Scanning electrochemical microscopy: theory and experiment for the positive feedback mode with unequal diffusion coefficients of the redox mediator couple

Abstract

Abstract Theory for the chronoamperometric positive feedback mode of the scanning electrochemical microscope (SECM) is extended to include the situation where the oxidised and reduced forms of the redox mediator couple have arbitrary diffusion coefficients. Under typical positive feedback conditions, the solution initially contains a redox-active species, R, along with excess supporting electrolyte. The potential of the tip ultramicroelectrode (UME), positioned close to an interface of interest, is adjusted to a value where R is electrolysed to produce species O at a diffusion-controlled rate. O diffuses away from the tip towards the interface, where the reverse redox reaction occurs leading to the production, and diffusional feedback of R for electrolysis at the tip electrode. When positive feedback measurements are carried out under diffusion-controlled chronoamperometric conditions, the form of the normalised current–time behaviour, at a particular tip to interface distance, is found to be sensitive to the ratio of the diffusion coefficients of the O/R couple. As a steady-state is established, the normalised current becomes independent of the diffusion coefficient ratio and depends only on the tip to interface distance.

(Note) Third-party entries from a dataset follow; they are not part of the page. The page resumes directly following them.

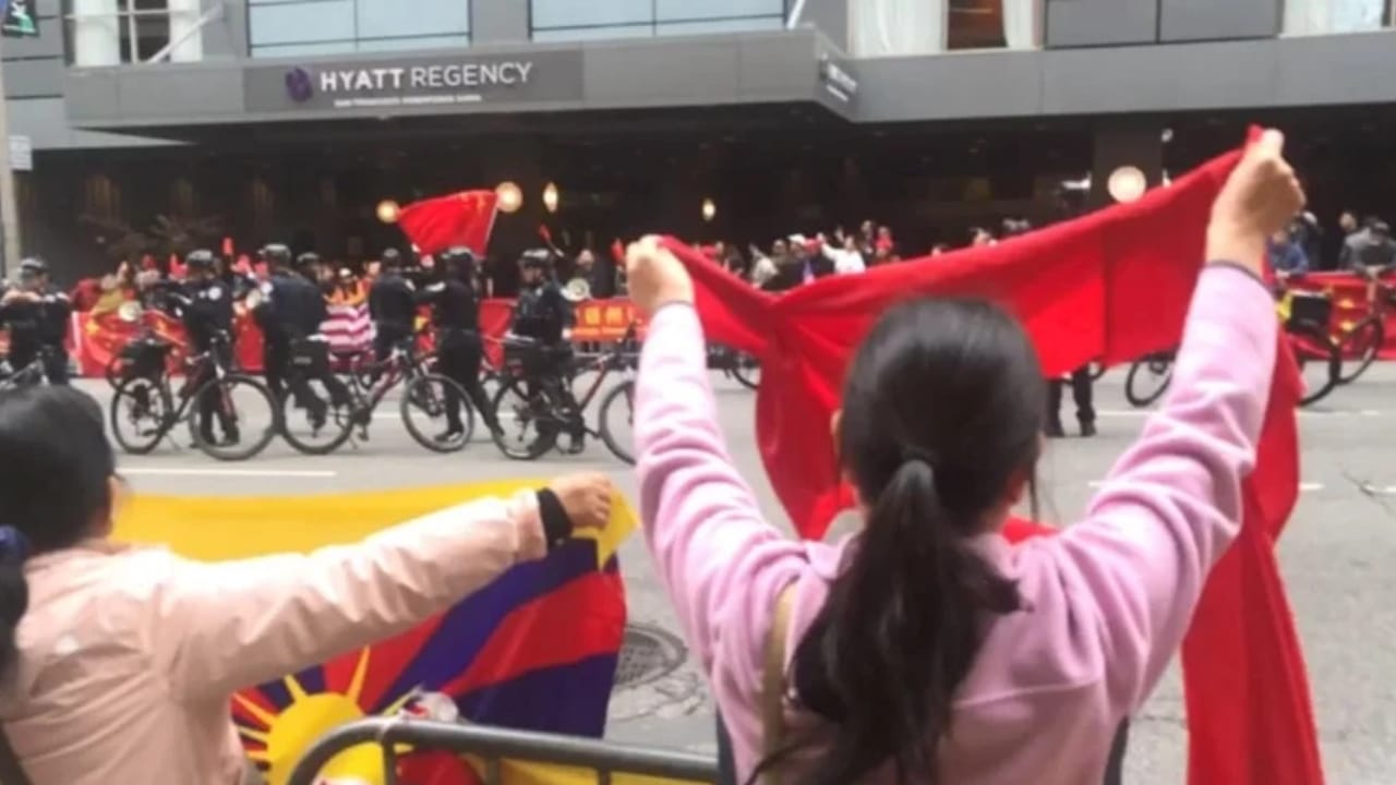 Những người biểu tình giận dữ xé lá cờ máu năm sao và vẫy về phía những người thân Cộng ở đối diện. (Ảnh: Leng Tao / Vision Times)
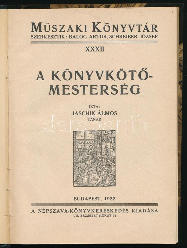 Jaschik Álmos: A könyvkötő-mesterség. Bp.,1922, Népszava,(Világosság-n...
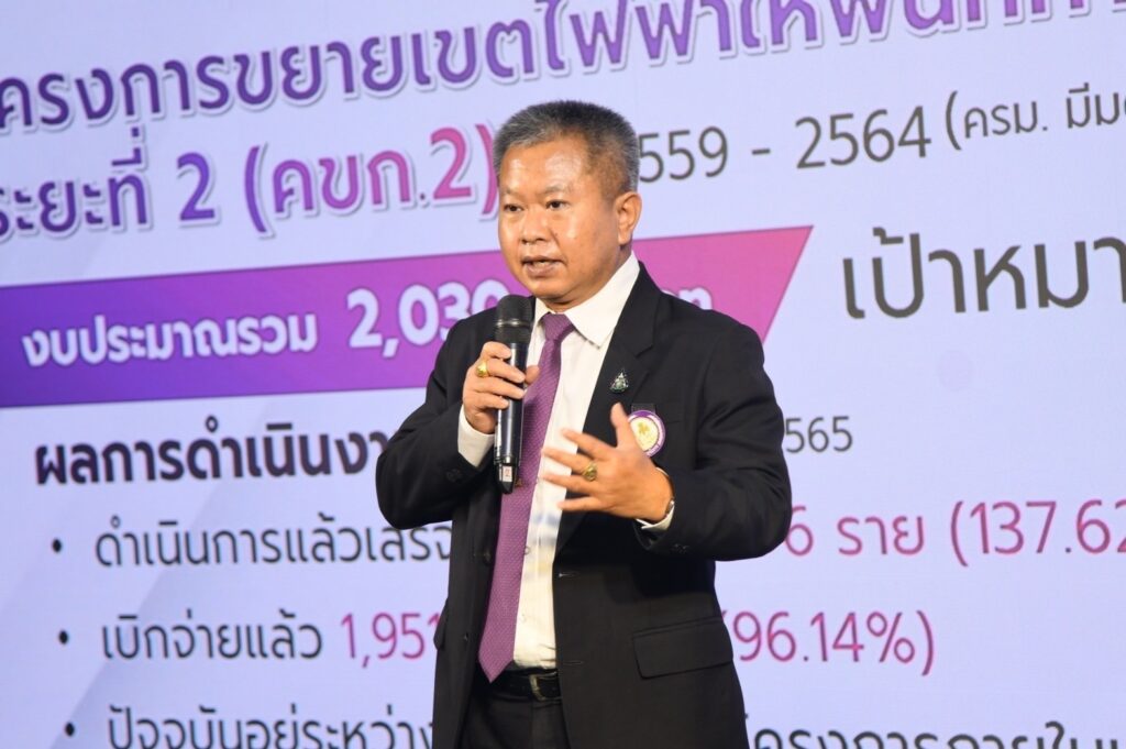 - โครงการขยายเขตไฟฟ้าให้บ้านเรือนราษฎรรายใหม่ ระยะที่ 2 (คฟม.2) ดำเนินการขยายเขตให้กับประชาชนที่ห่างไกลได้มีไฟฟ้าใช้ โดยไม่เสียค่าใช้จ่ายในการขยายเขต ตามคุณสมบัติของ PEA ซึ่งเป็นไปตามนโยบายรัฐบาลและยุทธศาสตร์กระทรวงมหาดไทย เพื่อยกระดับคุณภาพชีวิต กระจายการเจริญเติบโตของเศรษฐกิจทุกภูมิภาค
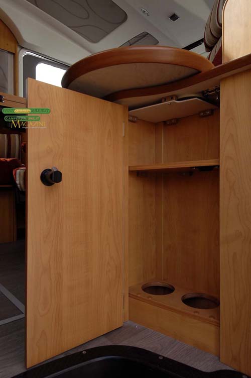 A fianco della porta di ingresso e alle spalle della poltrona del passeggero è posizionato un mobiletto portabottiglie con mensola interna. Le sue misure sono di 37x11x49 cm e nella parte superiore, in aggiunta al piano di appoggio da 51×16 cm, è possibile inserire un ripiano tondo del diametro di 37 cm.

Experimental measurements on the chronoamperometric oxidation of ferrocene (Fc) in acetonitrile solution at a Pt tip UME positioned close to a Pt substrate electrode, provide support for the theoretical predictions and demonstrate that the diffusion coefficient ratio can readily be determined from SECM chronoamperometry. Although Fc and Fc + are often assumed to have the same diffusion coefficients, steady-state and chronoamperometric measurements at a conventional UME yield a value of 2.0×10 −5 cm 2 s −1 for the diffusion coefficient of Fc, while SECM chronoamperometry indicates that the diffusion coefficient of Fc + is 1.6×10 −5 cm 2 s −1 .